Saturday, October 31, 2020

The Working Catholic: Farm Workers by Bill Droel

 

            Time is catching up with the founders of the United Farm Workers Union (www.ufw.org). Cesar Chavez (1927-1993) has been dead for 27 years. Rev. Jim Drake (1938-2001) died young. Larry Itliong (1913-1977), who started the famous Delano Grape Strike and National Boycott of September 1965, is gone. Marion Moses (1936-2020), who founded the UFW health care system, died last month. Dolores Huerta is now 90 and Rev. Chris Hartmire is in his late 80s. So too is LeRoy Chatfield.

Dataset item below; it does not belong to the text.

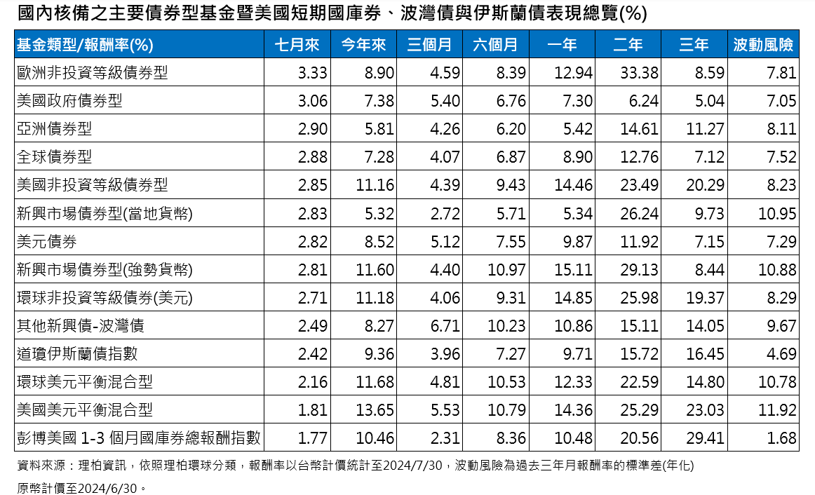 至於主要債券及平衡型基金,7月齊揚,其中,歐洲非投資級債基金還額外受惠於歐洲央行降息題材,漲幅達3.33%居冠,其次是美國政府債基金上漲3.06%。

Chatfield was the administrative assistant to Chavez during the ten crucial years of the UFW. He gives us two recent gifts: The definitive Farm Worker Documentation Project (www.libraries.ucsd.edu/farmworkermovement/archives) and a memoir, To Serve the People: My Life Organizing with Cesar Chavez and the Poor (University of New Mexico [2019]; $27.95).

Chatfield did everything. He walked the first picket line, tended to Chavez during his 25-day fast, was part of the march to Sacramento, managed the operation when Chavez was on the road a month at a time, raised money and spoke at colleges, organized a major legislative labor campaign in California, represented the UFW at the funeral of Robert Kennedy (1925-1968)--all of this after Chavez took on the 31-year old Chatfield to develop farm worker cooperatives, which he also did. Chatfield was on the scene prior to the Delano Grape Strike and played a key role in it. His chapter about it is the best in To Serve the People.

Prior to these defining ten years, Chatfield was for 16 years a member of Christian Brothers of De La Salle (www.delasalle.org). Peter Maurin (1877-1949), a founder of Catholic Worker Movement (www.catholicworker.org), once belonged to the same order, Chatfield reminds us. All through the book he refers to his connections with the Catholic Worker.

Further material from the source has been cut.